INPUT DATA:
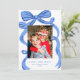 Big Bold Bright Blue Bow Christmas Photo Holiday Card
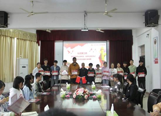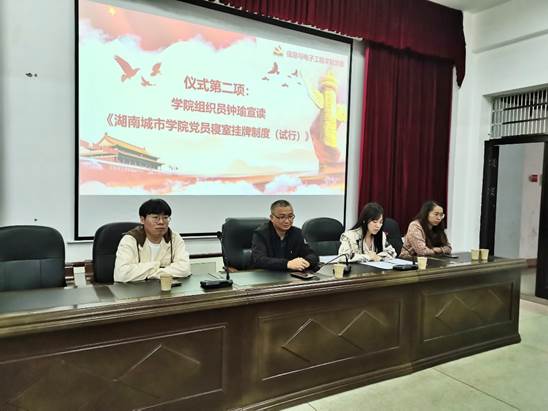 接着,学院组织员钟瑜领学《388vip太阳集团官网党员寝室挂牌制度(试行)》,对工作提出了要求。随后,学院党委书记、学生党支部书记对学生党员进行了授牌,学生党员代表作了表态发言。
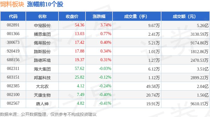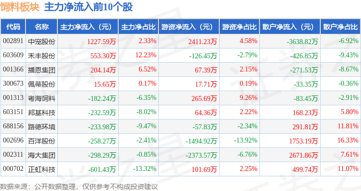 从资金流向上来看,当日饲料板块主力资金净流出1.54亿元,游资资金净流入5579.44万元,散户资金净流入9774.24万元。饲料板块个股资金流向见下表:

WHAT THE EXERCISE ASKS:
Every line of the data above is to be repeated exactly; the images are to be left out.

RESULT FOR THIS TASK:
 Big Bold Bright Blue Bow Christmas Photo Holiday Card
 接着,学院组织员钟瑜领学《388vip太阳集团官网党员寝室挂牌制度(试行)》,对工作提出了要求。随后,学院党委书记、学生党支部书记对学生党员进行了授牌,学生党员代表作了表态发言。
 从资金流向上来看,当日饲料板块主力资金净流出1.54亿元,游资资金净流入5579.44万元,散户资金净流入9774.24万元。饲料板块个股资金流向见下表:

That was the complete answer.